Ein neues Gefühl für Kathrin Marchand
Das erste Mal bei einem Para Skilanglauf-Weltcup auf dem Podium – das galt auch für Merle Menje (StTV Singen) bei den Frauen in der sitzenden Konkurrenz und für Kathrin Marchand (SC Bayer Leverkusen) bei den Frauen stehend. Menje gewann Silber im Sprint am Mittwoch und Bronze über sechs Kilometer am Donnerstag. „Es waren nicht so viele am Start wie sonst, das muss man berücksichtigen“, sagte die 21-Jährige. Höher bewertete sie ihre Leistung, nachdem sie 2025 eine längere Sportpause eingelegt hatte. „Ich bin froh, dass ich hier weitere Wettkampferfahrung sammeln konnte. Die Strecken waren technisch sehr anspruchsvoll und es hat sehr viel Spaß gemacht.“
Kathrin Marchand nahm aus Polen einen neunten Platz im Sprint in der von ihr weniger geliebten Skating-Technik mit sowie in den Zehn-Kilometer-Klassisch-Rennen einen fünften Rang und eine Silber-Medaille im Massenstart. „Der Samstag war nicht gut. Ich habe mich nicht fit gefühlt und nach zwei Runden war der Tank komplett leer“, berichtete sie. Umso besser lief es am Sonntag. „Da konnte ich viel umsetzen von den Dingen, an denen ich zuletzt gearbeitet habe. Das gibt Zuversicht für die nächsten Wochen.“ Flankiert wurde Marchand im Massenstart von zwei US-Amerikanerinnen: Sydney Peterson gewann, Danielle Aravich wurde Dritte. „Es hat sich gut angefühlt auf dem Podium“, sagte sie. Zumal: Es war ihre Premiere. Bei Welt- und Europameisterschaften im Rudern und im Para Rudern hatte sie schon mehrfach Medaillen geholt, bei einem Weltcup noch nie.
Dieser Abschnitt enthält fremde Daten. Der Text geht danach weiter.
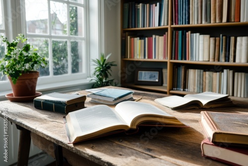 Sunlight filters through the window onto an inviting wooden table filled with open books, setting a scene of curiosity and quiet learning.

Kazmaier rettet drei Punkte ins Ziel
Bei den Frauen mit Sehbehinderung war die Tschechin Simona Bubenickova die überragende Läuferin der Woche. Sie gewann in Abwesenheit der deutschen Gesamtweltcup-Führenden Leonie Walter (SC St. Peter) alle vier Rennen; Walter legte eine Wettkampfpause ein, um ihre lädierte Schulter zu schonen. Die Kristallkugel verpasste Bubenickova dennoch; er ging nach Deutschland an Linn Kazmaier (SZ Römerstein), die mit ihrem Guide Florian Baumann viermal Zweite wurde und ihren in den Rennen zuvor erarbeiteten Vorsprung knapp hielt. Für Kazmaier war es nach 2023 und 2024 bereits der dritte Erfolg im Gesamtweltcup in ihrer Laufbahn.
„Das vergangene Jahr war ziemlich schwer für mich: viel Stress beim Ausbalancieren von Schule und Training, ich war häufiger krank als gewöhnlich. Ich hätte nicht erwartet, dass ich den Kristallglobus gewinnen kann, zumal meine Form noch nicht da ist, wo ich sie gerne hätte. Aber so, wie ich hier aufgetreten bin, war das ein weiterer Schritt in die richtige Richtung“, fasste Kazmaier zusammen.
Auch in ihrem Fall gilt also: Mut getankt für die Paralympics in Italien. Deren unmittelbare Vorbereitung startet am 16. Februar, wenn der deutsche Para Ski nordisch-Kader zum Trainingslager nach Toblach in Südtirol aufbricht. Bis dahin trainiert die Mannschaft zu Hause.